Wednesday, December 17, 2014

Review: The Boston Girl: A Novel by Anita Diamant

Title:  The Boston Girl

Author: Anita Diamant
Publisher: 9th December 2014 by Scribner
ASIN: B00KU4PW86
Pages:  256 pages
How We Read It: ARC ebook
Genre: historical fiction, coming of age
Our Rating: three cups

Synopsis:

From the New York Times bestselling author of The Red Tent and Day After Night, comes an unforgettable novel about family ties and values, friendship and feminism told through the eyes of a young Jewish woman growing up in Boston in the early twentieth century.

Addie Baum is The Boston Girl, born in 1900 to immigrant parents who were unprepared for and suspicious of America and its effect on their three daughters. Growing up in the North End, then a teeming multicultural neighborhood, Addie’s intelligence and curiosity take her to a world her parents can’t imagine—a world of short skirts, movies, celebrity culture, and new opportunities for women. Addie wants to finish high school and dreams of going to college. She wants a career and to find true love.

Eighty-five-year-old Addie tells the story of her life to her twenty-two-year-old granddaughter, who has asked her “How did you get to be the woman you are today.” She begins in 1915, the year she found her voice and made friends who would help shape the course of her life. From the one-room tenement apartment she shared with her parents and two sisters, to the library group for girls she joins at a neighborhood settlement house, to her first, disastrous love affair, Addie recalls her adventures with compassion for the naïve girl she was and a wicked sense of humor.

Written with the same attention to historical detail and emotional resonance that made Anita Diamant’s previous novels bestsellers, TheBoston Girl is a moving portrait of one woman’s complicated life in twentieth century America, and a fascinating look at a generation of women finding their places in a changing world.

Our thoughts:

Anita Diamant's novel begins with a question: "How did you get to be the woman you are today?" Thus follows the telling of a remarkable tale, one so well written, that at times you have to remind yourself it is indeed fiction.

This is the story of Addie Baum - Jewish daughter to immigrant parents; she grew up during the mid-1900s in Boston.
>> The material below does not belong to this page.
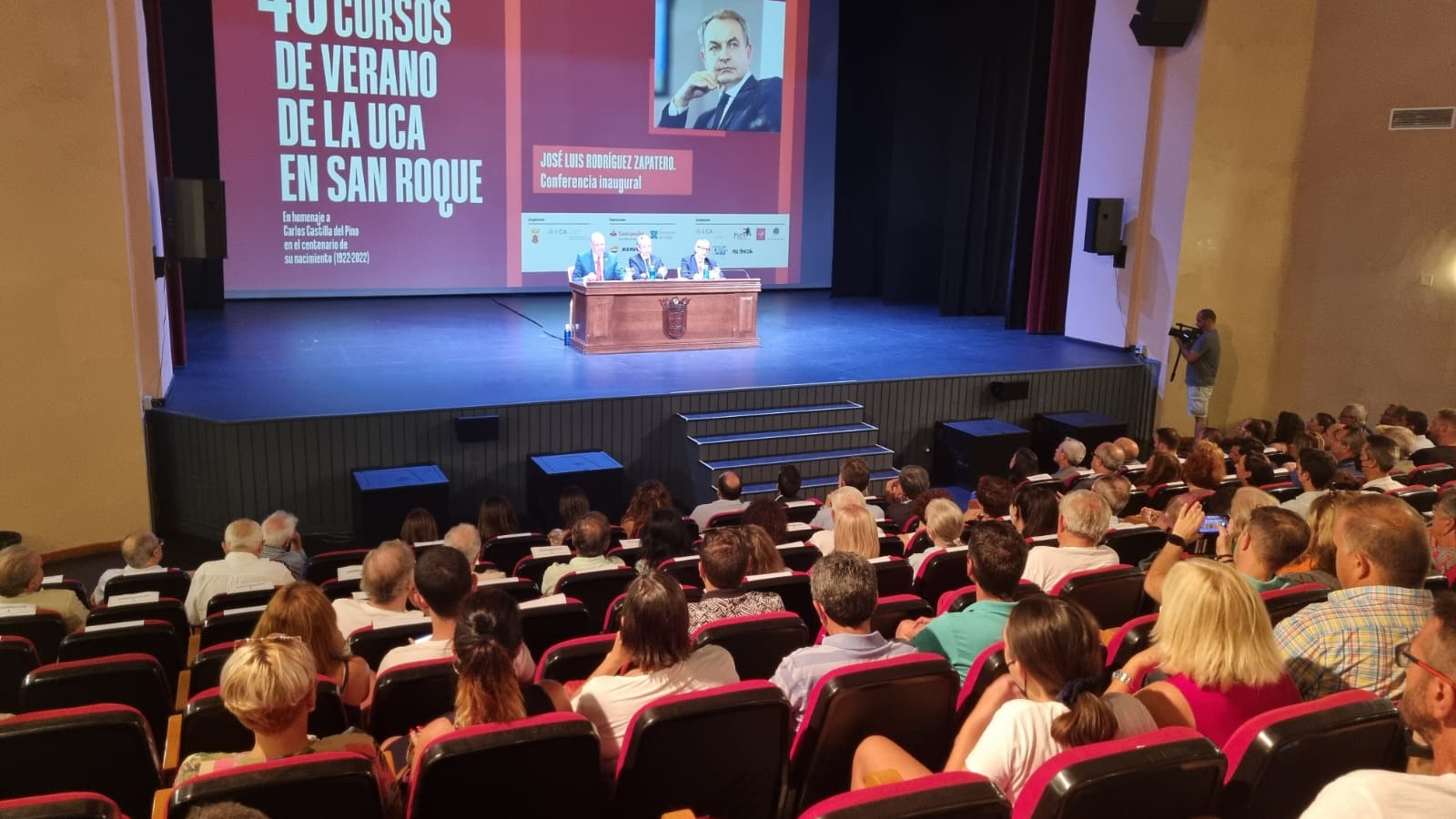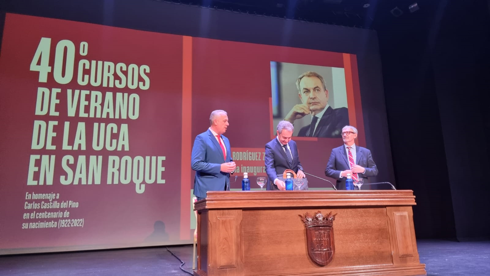 El expresidente del Gobierno de España, José Luis Rodríguez Zapatero, ha impartido hoy la conferencia inaugural de los XL Cursos de Verano de la UCA en San Roque dedicada a la actualidad internacional. El rector de la Universidad de Cádiz, Francisco Piniella, y el alcalde de San Roque, Juan Carlos Ruiz Boix, le han acompañado, ante un numeroso público, en el Teatro Juan Luis Galiardo.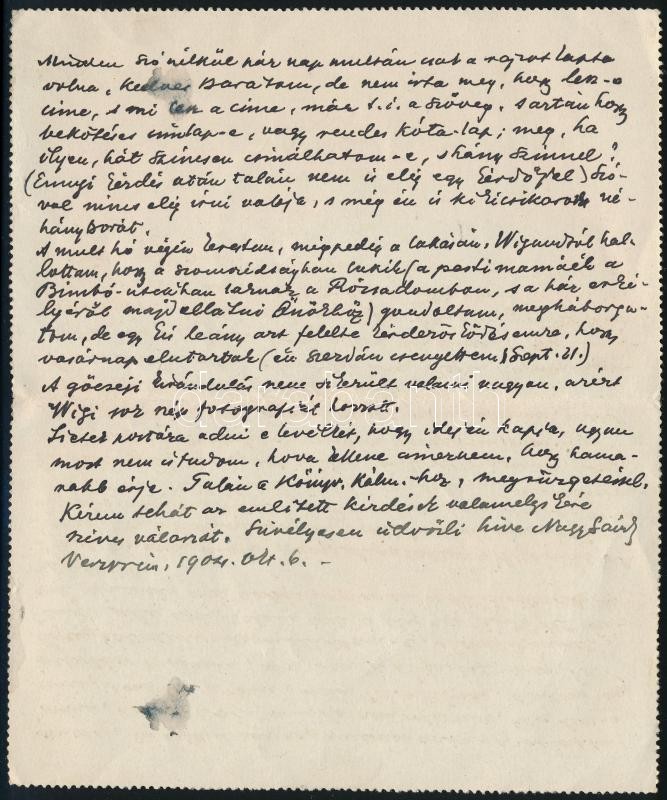 1904.X.6. Nagy Sándor (1868-1950) festő és grafikus, a Gödöllői Művésztelep alapító tagjának autográf levele a Könyves Kálmán kiadóhoz, Gerő Ödön szerkesztőnek, melyben kérdezi, hogy megküldendő rajzát milyen formátumban készítse el.

As a teenager Addie is asked to recite “Paul Revere’s Ride” at the Saturday Club, a group for young women from many different religious and ethnic backgrounds who gather together each weekend.  This is the beginning of Addie’s journey – a journey that would develop her fortitude and intellect, as she forms friendships, faces family tragedies, follows her aspirations in exploring her career options and eventually finding romance. Diamant covers a lot of history as Addie’s story unfolds: prohibition; 1920s flappers and artists; World War I; The Great Depression; the Spanish Flu; women’s education and careers; journalism and a woman’s place in it.

“People kept saying, ‘Life goes on’. Sometimes that sounded like a wish and sometimes if felt like an order. I wanted to scream, ‘Life goes on? Not for everyone, it doesn’t”.

All of these experiences combine to make Addie the woman she is today, and is representative of a generation of women who pursued freedom in an attempt to make something of their lives, something that traditionally was outside the boundaries of what women should have aspired to.  So many memorable characters are woven throughout this story. We especially enjoyed the independent spirit of several of the women - her sister Betty and Filomena, to name but two.

“Filomena just knew who she was, which wasn’t so easy back then. I guess it’s still not easy, is it? It took me until I was in my forties before I knew what I wanted to be when I grew up”.

Our only criticism is in the closing stages of the novel. The last part of the book just felt rushed, a lot of time covered in a few short chapters pertaining to Addie's later years. Given that the majority of the book was such rich story telling, we just felt that the strings of this story were not neatly tied together.

Overall, however, this was an engaging tale that we would recommend to other readers who enjoy this genre and time period.

                        Our rating: 




This review is based on a complimentary copy from the publisher and provided through NetGalley in exchange for an honest review. The quoted material may have changed in the final release.